Don Kerr, executive director of the Minnesota Department of Military Affairs, told the Senate subcommittee on Jan. 27 that the Minnesota National Guard includes roughly 13,000 soldiers and airmen and that the state agency oversees about 400 civilian employees who support training sites, security and armories.
"My name is Don Kerr, and I'm the executive director of the Minnesota Department of Military Affairs," Kerr said when he began his overview. Lieutenant Colonel Eric Aftman accompanied him and answered operational questions.
Kerr described the Guard as a dual-status force that serves both state and federal missions and said the department oversees 63 armories in 58 communities, two aviation flight facilities and two air bases.
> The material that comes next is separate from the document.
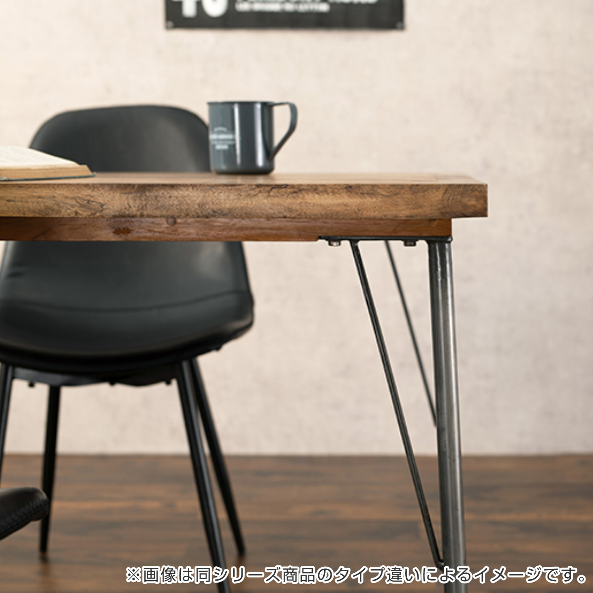 | 材質 | 【テーブル】 天板:天然木(マンゴーウッド)、ラッカー塗装 脚部:スチール(紛体塗装) 【チェア】 フレーム:積層材 クッション材:ウレタンフォーム 張り地:合成皮革 脚部:スチール(紛体塗装) |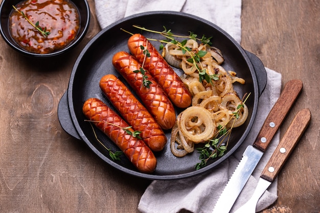 Наполнить фаршем натуральную оболочку и сформировать колбаски примерно 15 см длиной. Поместить колбаски на несколько часов в холодильник для охлаждения и маринования

He highlighted Camp Ripley, a 53,000-acre training center near the state's center, as the Guard's primary training installation that also supports emergency-response and interagency training.
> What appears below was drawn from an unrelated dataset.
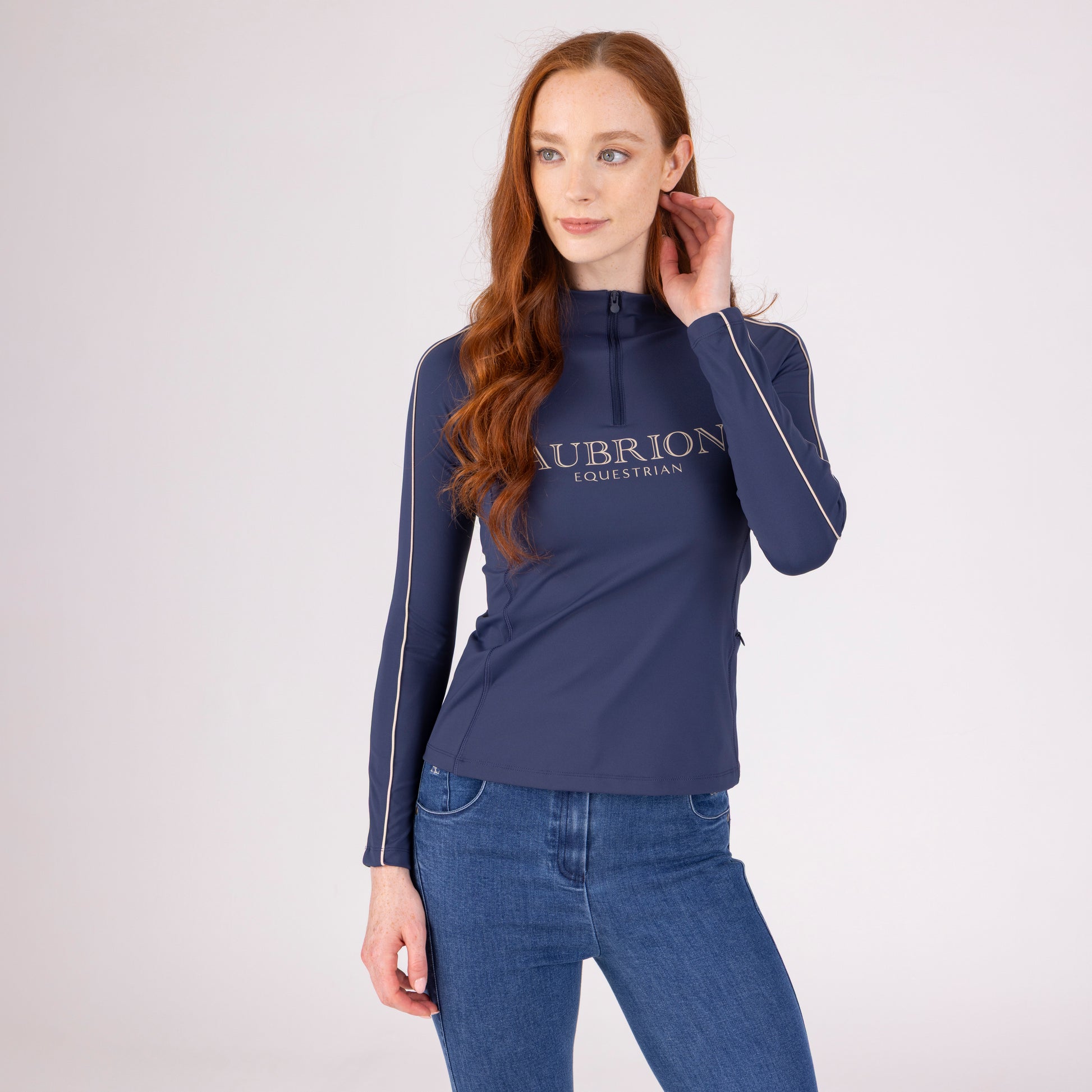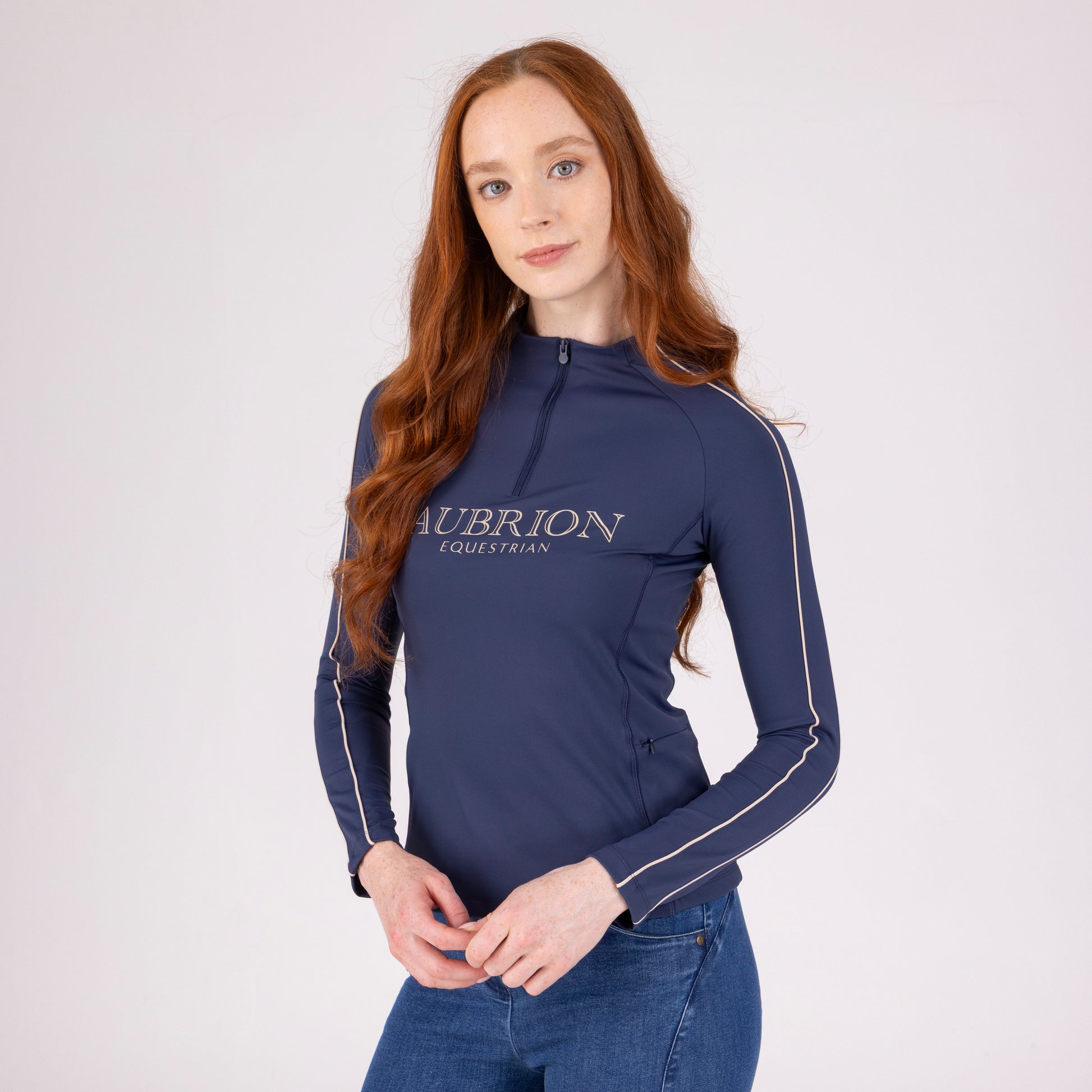 Thoughtfully designed for in the saddle, the Aubrion Equestrian long sleeve base layer offers the perfect blend of elegance and high performance. Made to move effortlessly with you, it’s crafted from 4-way stretch fabric with a supportive feel and body fit. For a smart finish, the base layer has contrast piping, a concealed front zip and shaped neckline. Key features: moisture wicking fabric, 4-way stretch, shaped neckline, concealed front zip, concealed side zip pocket.

Kerr said federal modernization funding will bring an estimated $2.4 billion of equipment investment to Minnesota units over coming years; he described that as an economic and readiness priority for the state. The department reported the Guard has recently carried out international partnerships and rotational overseas missions, and it expects larger deployments in the coming years.
On state budget priorities, Kerr said the governor's request supports several items the department wants: an increase of $2 million in fiscal 2026 and $6 million in fiscal 2027 (an $8 million biennial increase) for enlistment incentives to sustain the state tuition-reimbursement program and other retention tools; funding to sustain a five-person cyber coordination cell established to improve information-sharing between military, civilian and commercial cyber partners; and a short-term state investment to support the Army's Holistic Health and Fitness rollout until federal funding begins.
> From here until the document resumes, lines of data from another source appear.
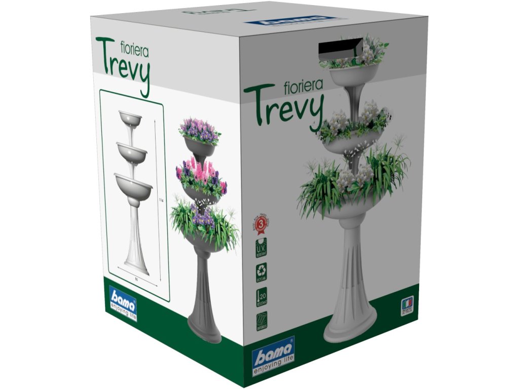 Květináč TREVY je složený ze tří misek o průměru 30, 40 a 50 cm spojených sadou průhledných opěr a s nosným sloupem. Květináč TREVY umožnuje vytvořit květinové kaskády s velkým estetickým účinkem. Ideální pro vnitřní i venkovní prostory.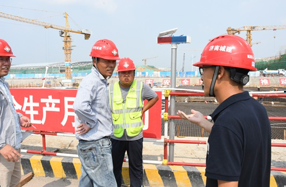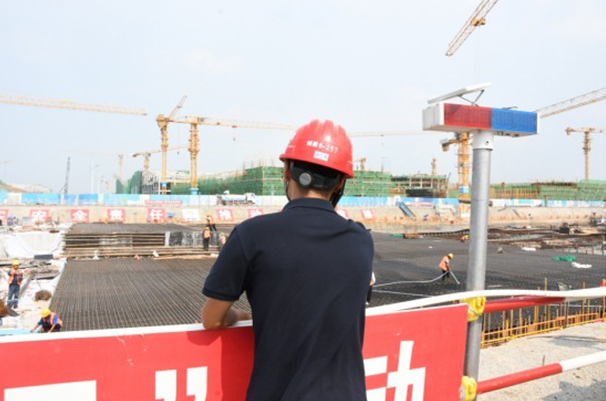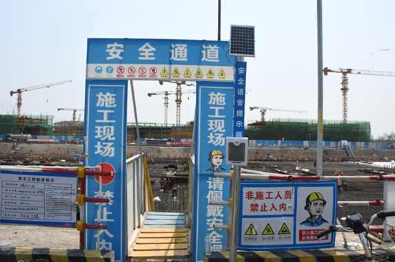 安全通道旁邊設置了安全語音提示器,從安全通道進入施工現場后會自動感應播放安全管理要求,時刻提醒施工人員安全生產。安全第一,是他負責項目施工所要遵循的第一要義。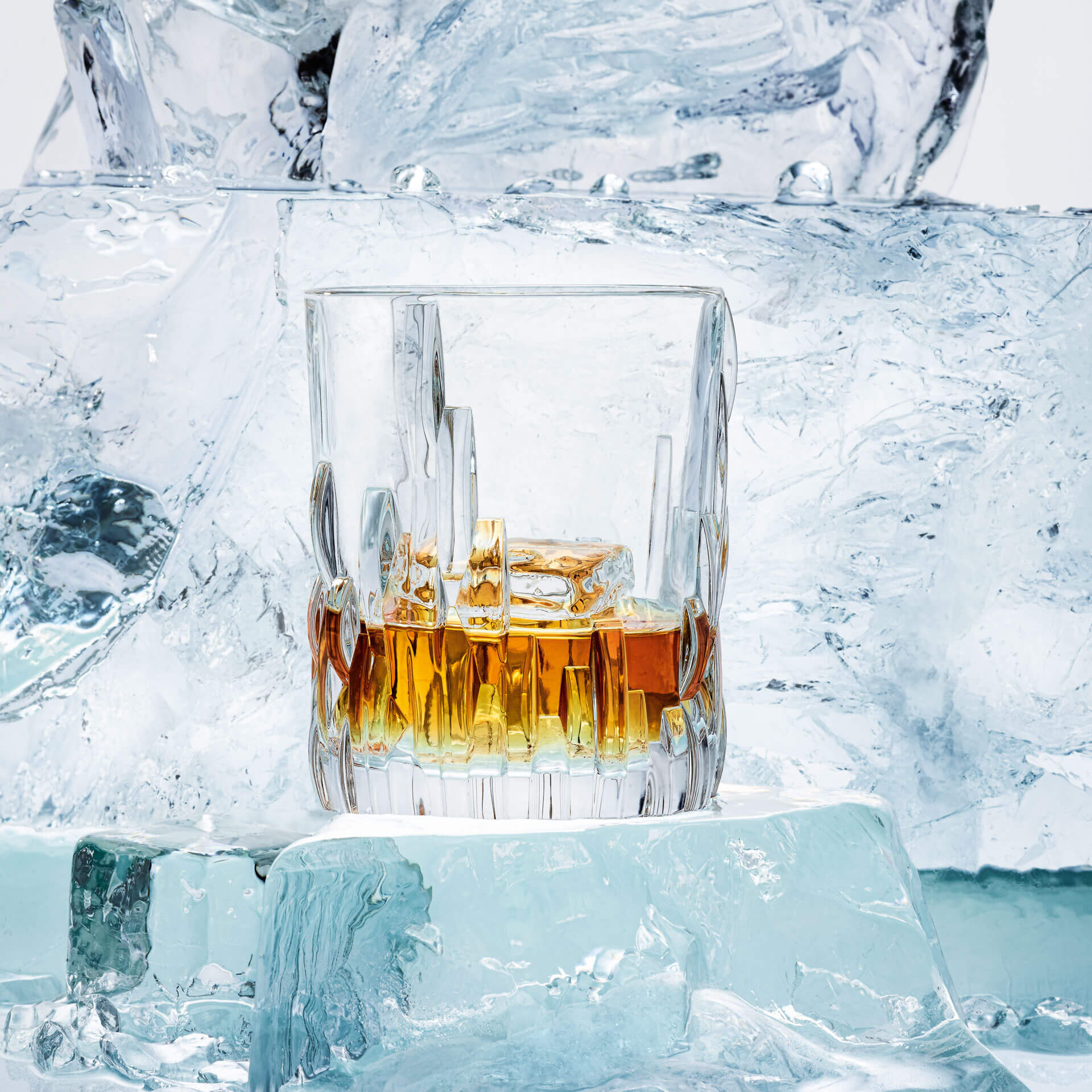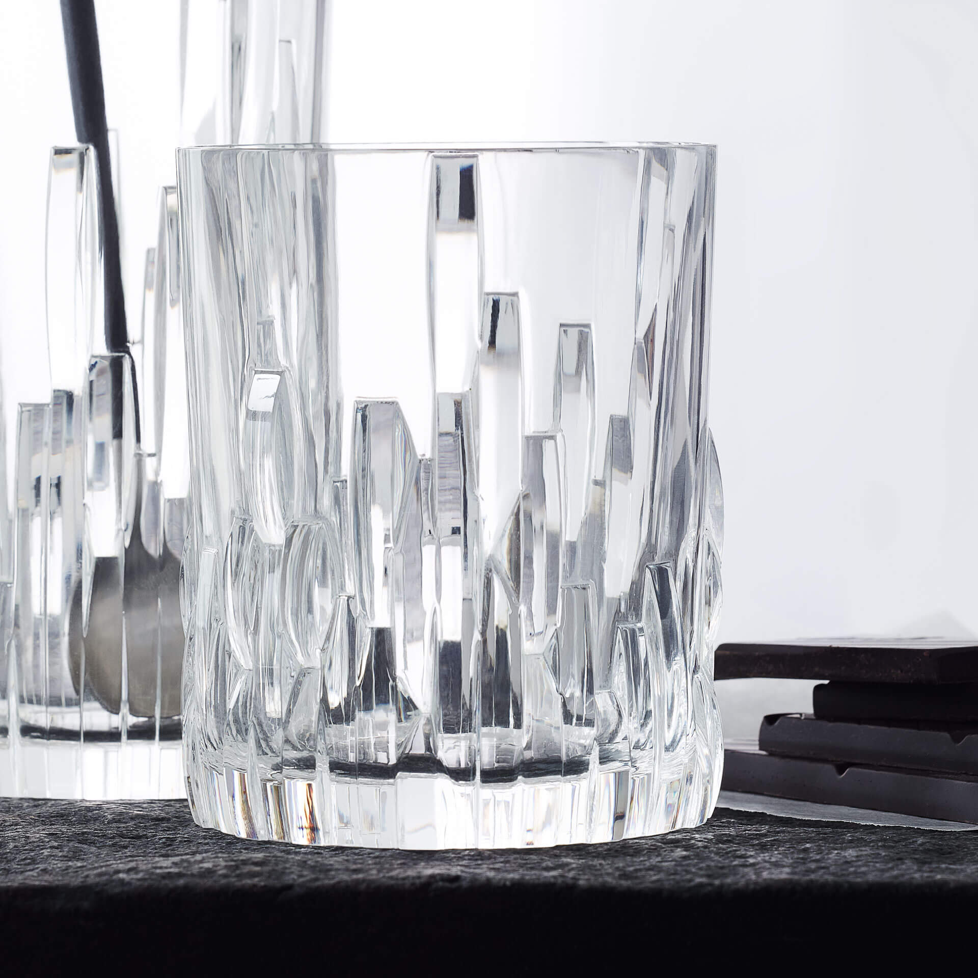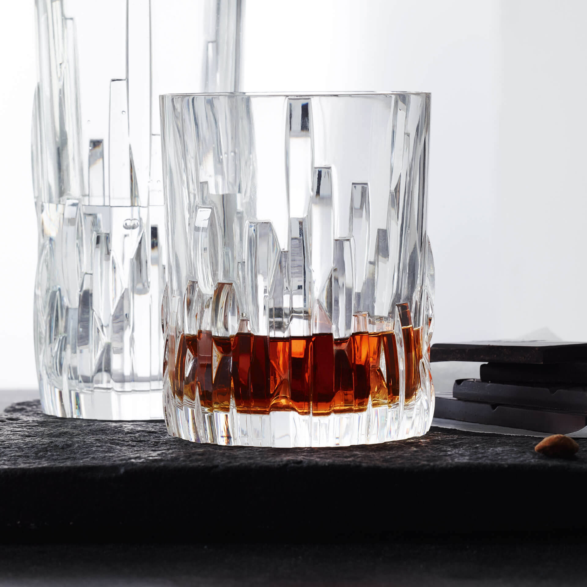 Le verre à whisky "Shu Fa" de Nachtmann séduit par son design captivant composé d'éléments en verre apparemment empilés, qui imitent un paysage peint.

Kerr also described a request to increase the bonding cap for the Minnesota State Armory Building Commission from $15 million to $45 million, saying higher limits are needed to match federal construction cycles and rising construction costs. He said the department will also seek $3 million in design funding for a Duluth hangar project so the site can compete for federal congressional-directed funding.
The department noted $14 million in prior one-time general-fund support for the Minnesota Military and Veterans Museum and $17.6 million in one-time funds for an Army combat fitness test center; such items have complicated baseline budget comparisons across biennia, Kerr said. He told senators the department typically requests periodic increases for enlistment and reenlistment incentives and that the state's tuition-reimbursement program remains a principal recruiting differential.
Why it matters: The state agency manages training infrastructure and civilian employees who enable the Guard's domestic missions and federal deployments. The modernization funds, construction and incentive requests tie into recruiting, retention and long-term readiness for both state and federal missions.
Kerr answered committee questions about wing sizes and said the 133rd Airlift Wing and 148th Fighter Wing are roughly 1,000-person units each. He closed by urging continued legislative support for enlistment incentives, cyber coordination and capital projects that maintain Minnesota's readiness and the economic impact associated with Guard investments.